Mi scusi signore se ho calpestato il suo piede. Camminavo con la testa tra le nuvole, immaginando un mondo in cui lei non esiste. Se ciò non può giustificarmi, spero almeno possa spiegare la mia sbadataggine. Vorrei colpirla, signore, con tutta la mia forza incanalata in un pugno e fiondarla al suolo. Poi vorrei chinarmi su di lei e baciarla in fronte, signore. Vorrei tirarle fuori tutto il disgusto e la rabbia che prova verso di me e che nasconde tutti i giorni dietro la sua indifferenza patinata, signore. La sua e quella di tutti quelli come lei, signori. Se io non sto bene non le permetto di stare bene per il solo fatto di non stare non bene come me, signore.

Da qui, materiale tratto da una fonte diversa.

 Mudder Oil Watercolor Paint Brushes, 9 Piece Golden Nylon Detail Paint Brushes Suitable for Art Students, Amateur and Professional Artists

Io la ripugno, signore, e lei ripugna me. Lo so che le piacerebbe giudicarmi perchè la finestra della stanza in cui dormo è sempre chiusa. Perché apro la mia sdraio da spiaggia in mezzo alla stanza e fingo che la lampada sia il sole d'agosto, signore. Ci crede? Io penso a lei, ma penso anche a tante altre cose. Penso a come sarebbe il mondo senza di lei, e poi formulo altri pensieri edificanti e poi mi dimentico di aprire la finestra e poi mi addormento, signore. Non fugga, signore, non abbia paura di me. Io non potrei farle più male di quello che lei fa a se stesso, o quello che io faccio a me stesso. Se ora lei se ne va io resterò solo, signore, e lei smetterà nuovamente di esistere. Noi non vogliamo questo, vero signore?

28 novembre 2019

ENOFILIA


Ve ne state lì, a pensare a spezzare una fiocina a favore del ritorno del sole dietro le gocce che cadono incessanti, rozzi e dozzinali. Un bell'asteroide risolverebbe tutte le problematiche.

16 ottobre 2019

GRANULOSO MICROGRAMMA


C'è gente che non è più gente. Alla fine di tutto, saremo solo ciò che abbiamo fatto o anche quello che avremmo potuto fare? La verità non sa convivere con la leggerezza. Alla fine di tutto, saremo ciò che saremo alla fine di tutto. Che è quello che siamo stati all'inizio di tutto. L'individualità non è cumulativa. Solo il ricordo. Ma memoria e individualità sono due essenze sì correlate, ma separate. Fortunatamente. Così posso anche illudermi di aver passato passati che non ho mai passato e assumere atteggiamenti teatrali che non mi si addicono.